In a press release earlier today the European Commission confirmed that they have sent a Statement of Objections to Google concerning what they believe are uses of the company’s dominant position in internet search to skew search results in its favor against other companies operating in Europe.
In addition the EU will also be looking into Google’s actions relating to its Android mobile operating system. This inquiry will look to see if Google used their dominant position to unfairly influence agreements with other companies relating to operating systems, applications and services for smart mobile devices.
Some of that sounds very familiar doesn’t it?
Margrethe Vestager, the EU Commissioner in charge of competition policy, made the following statement concerning these two situations:
"The Commission's objective is to apply EU antitrust rules to ensure that companies operating in Europe, wherever they may be based, do not artificially deny European consumers as wide a choice as possible or stifle innovation".
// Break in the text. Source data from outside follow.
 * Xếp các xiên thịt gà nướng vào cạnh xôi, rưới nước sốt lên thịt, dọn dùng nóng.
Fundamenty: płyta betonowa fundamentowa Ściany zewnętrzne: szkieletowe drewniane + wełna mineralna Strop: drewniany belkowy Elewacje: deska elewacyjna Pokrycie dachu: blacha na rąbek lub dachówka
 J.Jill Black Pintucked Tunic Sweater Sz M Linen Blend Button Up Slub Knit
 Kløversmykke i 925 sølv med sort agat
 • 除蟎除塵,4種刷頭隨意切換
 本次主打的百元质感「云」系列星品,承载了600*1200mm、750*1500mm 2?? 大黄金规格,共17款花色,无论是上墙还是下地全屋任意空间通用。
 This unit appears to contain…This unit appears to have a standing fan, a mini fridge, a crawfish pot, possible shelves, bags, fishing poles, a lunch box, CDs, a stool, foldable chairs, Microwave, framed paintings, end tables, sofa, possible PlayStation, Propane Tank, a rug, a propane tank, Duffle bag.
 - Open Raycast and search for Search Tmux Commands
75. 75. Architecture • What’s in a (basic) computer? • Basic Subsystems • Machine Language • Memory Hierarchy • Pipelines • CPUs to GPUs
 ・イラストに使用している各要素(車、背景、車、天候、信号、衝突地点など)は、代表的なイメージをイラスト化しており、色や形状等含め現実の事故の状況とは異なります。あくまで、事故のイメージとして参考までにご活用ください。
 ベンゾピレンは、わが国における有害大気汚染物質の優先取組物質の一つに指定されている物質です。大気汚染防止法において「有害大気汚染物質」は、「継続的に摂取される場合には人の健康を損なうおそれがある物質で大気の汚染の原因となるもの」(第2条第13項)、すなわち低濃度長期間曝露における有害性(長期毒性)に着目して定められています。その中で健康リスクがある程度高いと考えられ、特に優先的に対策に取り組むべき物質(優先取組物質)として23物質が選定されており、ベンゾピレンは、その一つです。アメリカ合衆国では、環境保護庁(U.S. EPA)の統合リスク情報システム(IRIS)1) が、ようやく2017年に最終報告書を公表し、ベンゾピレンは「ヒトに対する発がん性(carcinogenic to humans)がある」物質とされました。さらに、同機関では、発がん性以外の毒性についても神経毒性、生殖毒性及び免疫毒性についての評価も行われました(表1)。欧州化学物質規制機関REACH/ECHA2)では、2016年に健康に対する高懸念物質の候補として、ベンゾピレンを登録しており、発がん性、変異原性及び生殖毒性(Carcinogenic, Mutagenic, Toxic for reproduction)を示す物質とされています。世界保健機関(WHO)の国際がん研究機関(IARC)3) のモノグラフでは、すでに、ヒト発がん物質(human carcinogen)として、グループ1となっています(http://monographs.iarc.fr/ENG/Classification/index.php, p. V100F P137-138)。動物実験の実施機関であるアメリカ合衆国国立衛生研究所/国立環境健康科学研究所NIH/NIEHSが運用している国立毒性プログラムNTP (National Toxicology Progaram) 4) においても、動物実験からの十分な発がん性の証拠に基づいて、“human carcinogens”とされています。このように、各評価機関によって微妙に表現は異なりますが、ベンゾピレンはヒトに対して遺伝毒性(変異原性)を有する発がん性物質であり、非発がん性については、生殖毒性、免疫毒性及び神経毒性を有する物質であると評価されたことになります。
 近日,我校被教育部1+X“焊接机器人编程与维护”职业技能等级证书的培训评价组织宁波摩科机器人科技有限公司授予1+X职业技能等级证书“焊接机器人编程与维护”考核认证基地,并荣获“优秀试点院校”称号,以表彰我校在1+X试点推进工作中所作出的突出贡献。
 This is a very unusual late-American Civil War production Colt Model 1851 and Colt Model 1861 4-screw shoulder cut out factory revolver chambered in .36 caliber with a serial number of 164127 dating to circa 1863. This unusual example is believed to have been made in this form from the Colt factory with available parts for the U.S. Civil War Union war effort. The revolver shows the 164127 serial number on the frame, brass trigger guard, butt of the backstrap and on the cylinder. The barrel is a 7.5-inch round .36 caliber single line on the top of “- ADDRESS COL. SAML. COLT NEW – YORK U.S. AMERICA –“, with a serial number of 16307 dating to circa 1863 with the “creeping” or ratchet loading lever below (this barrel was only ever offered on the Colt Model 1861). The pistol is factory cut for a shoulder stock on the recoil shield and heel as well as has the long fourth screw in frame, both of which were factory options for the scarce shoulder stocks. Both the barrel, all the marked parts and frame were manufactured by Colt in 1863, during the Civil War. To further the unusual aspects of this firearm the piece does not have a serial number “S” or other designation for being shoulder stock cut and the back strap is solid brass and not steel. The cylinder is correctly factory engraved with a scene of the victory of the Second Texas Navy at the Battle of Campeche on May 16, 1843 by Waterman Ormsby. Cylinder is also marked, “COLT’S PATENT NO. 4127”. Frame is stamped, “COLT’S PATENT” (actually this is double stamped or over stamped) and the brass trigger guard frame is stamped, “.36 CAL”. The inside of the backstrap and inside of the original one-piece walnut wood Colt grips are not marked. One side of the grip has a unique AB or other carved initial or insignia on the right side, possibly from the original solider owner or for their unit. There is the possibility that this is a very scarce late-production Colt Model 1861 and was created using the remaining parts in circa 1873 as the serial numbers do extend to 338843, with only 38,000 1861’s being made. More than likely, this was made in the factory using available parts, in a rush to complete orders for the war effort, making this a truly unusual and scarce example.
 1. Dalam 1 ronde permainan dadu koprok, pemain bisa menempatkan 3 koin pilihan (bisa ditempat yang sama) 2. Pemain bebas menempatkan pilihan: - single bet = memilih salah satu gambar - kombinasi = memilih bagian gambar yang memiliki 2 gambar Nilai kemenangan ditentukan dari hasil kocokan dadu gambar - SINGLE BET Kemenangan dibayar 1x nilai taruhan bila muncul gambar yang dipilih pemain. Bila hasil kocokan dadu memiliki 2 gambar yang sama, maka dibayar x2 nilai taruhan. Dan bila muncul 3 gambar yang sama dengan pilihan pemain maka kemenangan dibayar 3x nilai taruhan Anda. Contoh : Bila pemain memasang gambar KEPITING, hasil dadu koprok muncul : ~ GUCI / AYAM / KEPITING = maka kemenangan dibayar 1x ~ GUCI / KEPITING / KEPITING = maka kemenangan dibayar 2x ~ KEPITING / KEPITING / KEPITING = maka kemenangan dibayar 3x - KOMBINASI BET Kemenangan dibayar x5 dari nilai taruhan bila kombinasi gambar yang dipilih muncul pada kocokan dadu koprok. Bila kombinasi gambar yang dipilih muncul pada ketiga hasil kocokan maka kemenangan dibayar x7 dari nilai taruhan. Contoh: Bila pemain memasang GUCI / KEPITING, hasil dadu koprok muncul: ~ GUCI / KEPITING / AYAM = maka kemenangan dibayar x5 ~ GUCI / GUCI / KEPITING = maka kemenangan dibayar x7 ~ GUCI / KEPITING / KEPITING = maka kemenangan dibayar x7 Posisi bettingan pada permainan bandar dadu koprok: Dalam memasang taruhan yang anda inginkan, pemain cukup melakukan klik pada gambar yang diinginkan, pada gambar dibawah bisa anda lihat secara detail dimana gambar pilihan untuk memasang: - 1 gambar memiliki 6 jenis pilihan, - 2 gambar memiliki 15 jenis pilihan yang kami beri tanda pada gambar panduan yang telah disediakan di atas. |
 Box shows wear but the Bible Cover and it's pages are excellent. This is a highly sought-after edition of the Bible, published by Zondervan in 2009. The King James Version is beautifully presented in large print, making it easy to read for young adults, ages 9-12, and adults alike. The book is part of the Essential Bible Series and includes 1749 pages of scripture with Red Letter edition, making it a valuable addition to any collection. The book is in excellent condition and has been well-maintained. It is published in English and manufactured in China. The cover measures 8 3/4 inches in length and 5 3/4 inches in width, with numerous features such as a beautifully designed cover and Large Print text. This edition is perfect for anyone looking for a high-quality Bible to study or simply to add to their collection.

"In the case of Google I am concerned that the company has given an unfair advantage to its own comparison shopping service, in breach of EU antitrust rules. Google now has the opportunity to convince the Commission to the contrary. However, if the investigation confirmed our concerns, Google would have to face the legal consequences and change the way it does business in Europe."
"I have also launched a formal antitrust investigation of Google’s conduct concerning mobile operating systems, apps and services. Smartphones, tablets and similar devices play an increasing role in many people's daily lives and I want to make sure the markets in this area can flourish without anticompetitive constraints imposed by any company."
By the way, Google is still under the EU microscope for other issues including the search results of other specialized search services, copying competitor’s web content (scraping). advertising exclusivity and applying restrictions on advertisers.
According to Matt Rosoff at Business Insider Google could face fines near 10% of the company’s annual revenue or $6 billion dollars using last year’s company revenues as an example.
Microsoft knows what Google is going through in this process.
In 2003 the EU ordered Microsoft to pay nearly $800 million in fines for anti-competitive practices relating to the companies dominant position in the desktop operating system market. Recently, in 2013, the EU charged Microsoft another fine of around $730 million dollars because they had failed to continue to comply with an order to provide a browser ballot in the Windows operating system for users in Europe. That ballot, which was supposed to be in place for five years, was dropped due to a technical error by the Redmond company.